INFORMATION SUPPLIED Start Marker

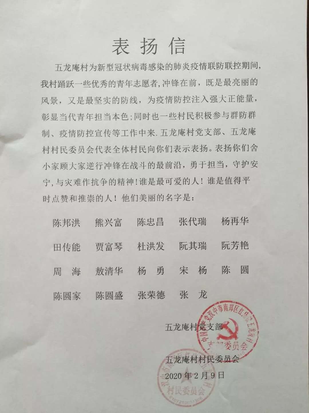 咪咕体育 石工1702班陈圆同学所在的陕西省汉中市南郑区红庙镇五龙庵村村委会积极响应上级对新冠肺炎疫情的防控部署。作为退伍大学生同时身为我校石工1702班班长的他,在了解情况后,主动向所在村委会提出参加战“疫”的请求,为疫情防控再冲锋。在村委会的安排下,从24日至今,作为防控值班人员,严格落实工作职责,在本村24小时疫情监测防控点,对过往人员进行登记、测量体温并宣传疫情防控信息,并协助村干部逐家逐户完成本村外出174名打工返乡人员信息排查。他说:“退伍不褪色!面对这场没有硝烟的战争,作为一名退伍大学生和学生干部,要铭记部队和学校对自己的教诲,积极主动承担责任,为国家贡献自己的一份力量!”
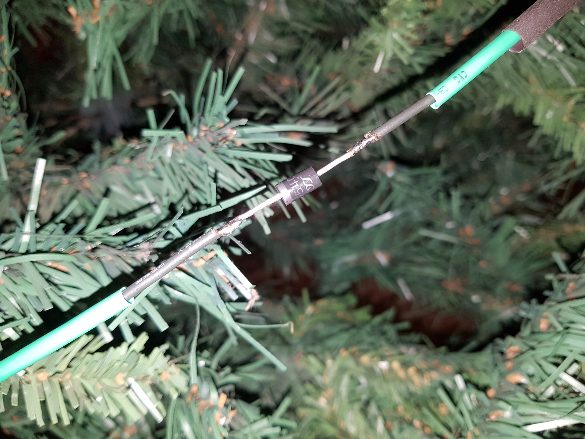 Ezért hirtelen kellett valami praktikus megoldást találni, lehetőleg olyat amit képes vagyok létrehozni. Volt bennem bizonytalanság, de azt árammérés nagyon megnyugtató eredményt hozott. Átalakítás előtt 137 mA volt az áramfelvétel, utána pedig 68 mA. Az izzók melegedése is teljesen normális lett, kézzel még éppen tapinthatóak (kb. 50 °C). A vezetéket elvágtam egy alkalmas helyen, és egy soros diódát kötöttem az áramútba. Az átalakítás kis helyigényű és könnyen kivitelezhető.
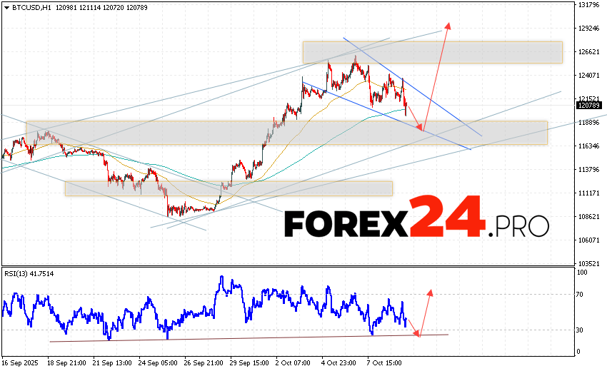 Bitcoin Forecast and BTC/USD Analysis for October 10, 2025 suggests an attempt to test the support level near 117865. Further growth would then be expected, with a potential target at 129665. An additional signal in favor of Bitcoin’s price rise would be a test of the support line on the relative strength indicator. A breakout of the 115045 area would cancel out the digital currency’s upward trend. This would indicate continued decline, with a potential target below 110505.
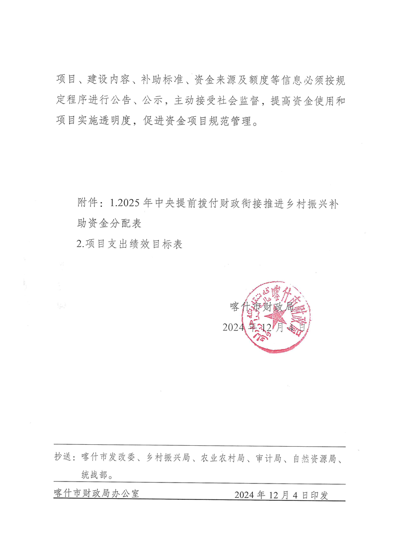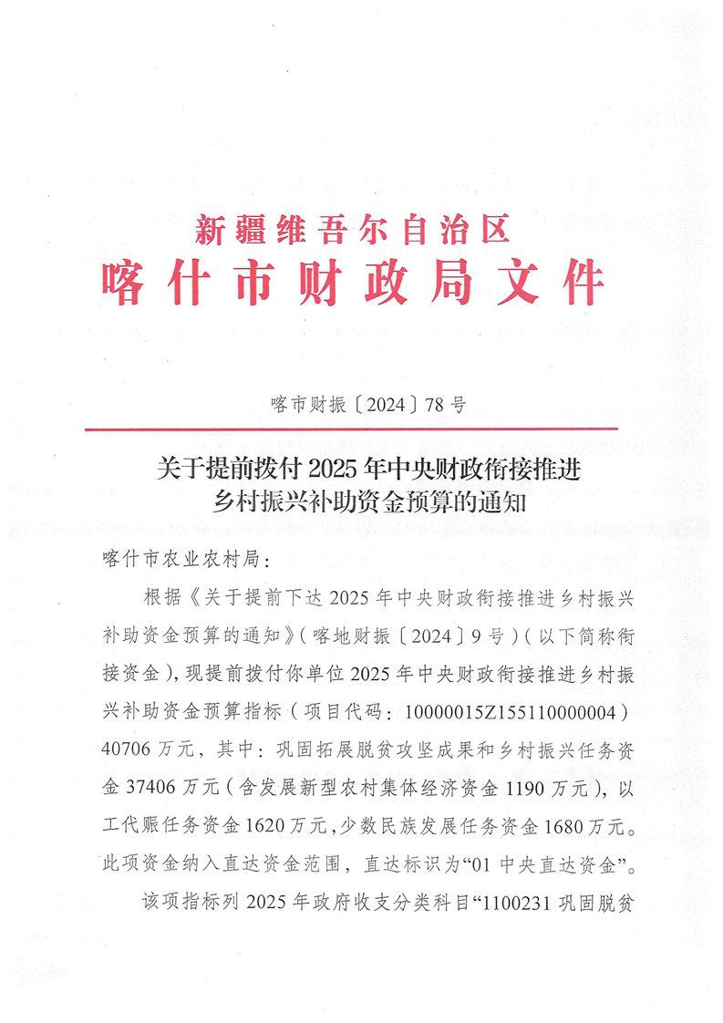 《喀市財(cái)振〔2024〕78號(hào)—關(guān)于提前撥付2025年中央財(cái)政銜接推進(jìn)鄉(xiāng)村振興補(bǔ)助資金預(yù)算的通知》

INFORMATION SUPPLIED End Marker

YOUR INSTRUCTIONS => Reproduce the listing exactly. Do not include its images.

TASK RESPONSE =>
 咪咕体育 石工1702班陈圆同学所在的陕西省汉中市南郑区红庙镇五龙庵村村委会积极响应上级对新冠肺炎疫情的防控部署。作为退伍大学生同时身为我校石工1702班班长的他,在了解情况后,主动向所在村委会提出参加战“疫”的请求,为疫情防控再冲锋。在村委会的安排下,从24日至今,作为防控值班人员,严格落实工作职责,在本村24小时疫情监测防控点,对过往人员进行登记、测量体温并宣传疫情防控信息,并协助村干部逐家逐户完成本村外出174名打工返乡人员信息排查。他说:“退伍不褪色!面对这场没有硝烟的战争,作为一名退伍大学生和学生干部,要铭记部队和学校对自己的教诲,积极主动承担责任,为国家贡献自己的一份力量!”
 Ezért hirtelen kellett valami praktikus megoldást találni, lehetőleg olyat amit képes vagyok létrehozni. Volt bennem bizonytalanság, de azt árammérés nagyon megnyugtató eredményt hozott. Átalakítás előtt 137 mA volt az áramfelvétel, utána pedig 68 mA. Az izzók melegedése is teljesen normális lett, kézzel még éppen tapinthatóak (kb. 50 °C). A vezetéket elvágtam egy alkalmas helyen, és egy soros diódát kötöttem az áramútba. Az átalakítás kis helyigényű és könnyen kivitelezhető.
 Bitcoin Forecast and BTC/USD Analysis for October 10, 2025 suggests an attempt to test the support level near 117865. Further growth would then be expected, with a potential target at 129665. An additional signal in favor of Bitcoin’s price rise would be a test of the support line on the relative strength indicator. A breakout of the 115045 area would cancel out the digital currency’s upward trend. This would indicate continued decline, with a potential target below 110505.
 《喀市財(cái)振〔2024〕78號(hào)—關(guān)于提前撥付2025年中央財(cái)政銜接推進(jìn)鄉(xiāng)村振興補(bǔ)助資金預(yù)算的通知》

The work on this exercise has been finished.